Варт оставался все тем же глупышом, он по-прежнему был привязан к Кэю и интересовался птицами.
Мерлин что ни год выглядел все моложе, — и это было только естественно, ибо он моложе и становился.
Архимед женился и вырастил в башенной комнате Мерлина несколько поколений миловидного пернатого молодняка.
Сэр Эктор обзавелся ишиасом. Молниями разбило три дерева. Каждое Рождество приезжал, не меняясь ни на волос, мастер Твайти. Мастер Пасселью припомнил еще один куплет про Короля Коля.
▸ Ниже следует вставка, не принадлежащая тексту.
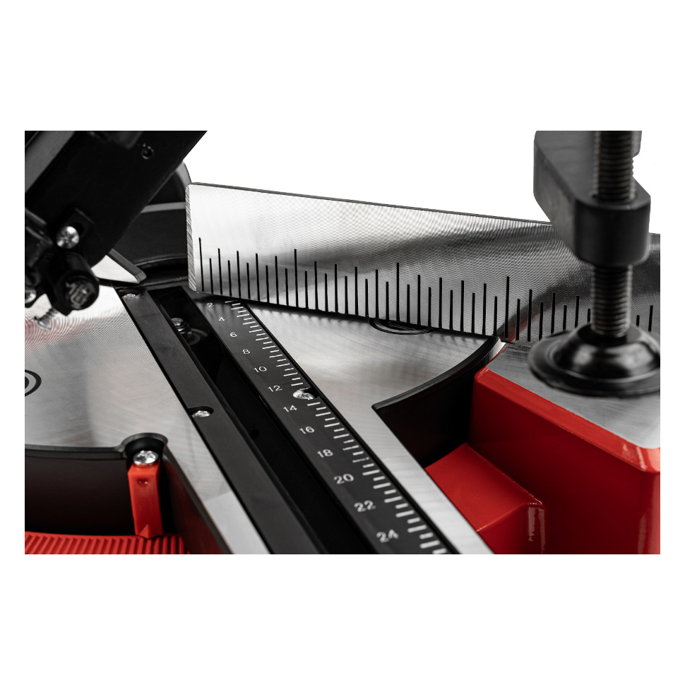 Поворотный опорный стол, имеющий промежуточную фиксацию положений, позволяет производить рез под углом до 45 градусов (влево и вправо).

Года проходили размеренно, и снег Старой Англии лежал, как от него и ждали, — даже с красногрудой зарянкой в одном углу картинки и церковным колоколом или освещенным окошком в другом, — и в конце концов почти уже наступило время посвятить Кэя в полноправные рыцари. Чем ближе подходил этот день, тем более отдалялись мальчики, — ибо Кэй почитал теперь неуместным держаться с Вартом на равной ноге, поскольку возвышенность рыцарского чина не допускает тесных дружеских отношений с оруженосцем. Варт, коему предстояло стать этим оруженосцем, безутешно таскался за Кэем, пока ему то дозволялось, а затем с прежалким чувством отправлялся на поиски какого-нибудь утешения.
Так он забрел на кухню.
«Ну вот, и попал я в Золушки, — сказал он себе. — И хоть до нынешней поры мне по какой-то странной причине доставалось все самое лучшее по части образования, теперь придется платить за прошлые удовольствия, за то, что я видел всех этих восхитительных драконов, колдуний, рыб, гирафов, муравьев, диких гусей и прочих, теперь я стану заурядным оруженосцем и буду держать для Кэя запасное копье, покуда он, раздувшись от важности, красуется у какого-нибудь источника и сражается с каждым проезжим. Ну и пусть, — пока все это длилось, я замечательно проводил время, а быть Золушкой не так уж и скучно, если можно быть ею на кухне с очагом, достаточно обширным, чтобы зажарить быка».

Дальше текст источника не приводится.